Ela, enfim, diminuiu a pressão e lhe permitiu ficar de bruços, mas antes que ele pudesse reagir, ela enfiou o dedão do pé direito dele na boca. Sem aviso, sem preparo, o molhado se estreitando ao redor da pele. E ela sugou. Sugou. Sugou. E mais. Seguiu de dedo em dedo, lambendo as brechas entre um e outro, mordiscando as extremidades e chupando cada um como se fosse a única coisa que pretendesse fazer por muito tempo na vida.

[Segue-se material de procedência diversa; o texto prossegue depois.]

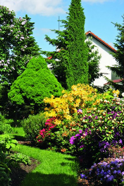 Vzhledem k patině a mohutnosti výsadeb je podivuhodné, že rozhodnutí přišlo před pouhými dvaceti lety. Vysvětlení je prosté: pan Jirka není žádný troškař, a když se do něčeho pustí, dělá to pořádně. Postaví jednu skalku a už ho láká zkusit si další. A když nestaví skalku, buduje nové jezírko nebo rozšiřuje výsadby. Místa je tu dost, a tak vznikají nová a nová zákoutí a zátočiny s výsadbou zajímavých dřevin – listnáčů i jehličnanů.

Na sala de casa, ele sente o coração acelerando com a lembrança. Repara nos dedos dos pés, contraídos. Os pelinhos do braço ouriçados. O vento que entra pela janela lhe beija os mamilos. O calor, que o fez tirar a blusa para aguentar mais umas horas trabalhando, não esperou a madrugada. Pensa, se divertindo um pouco, que é bom ter escolhido uma calça larga de moletom.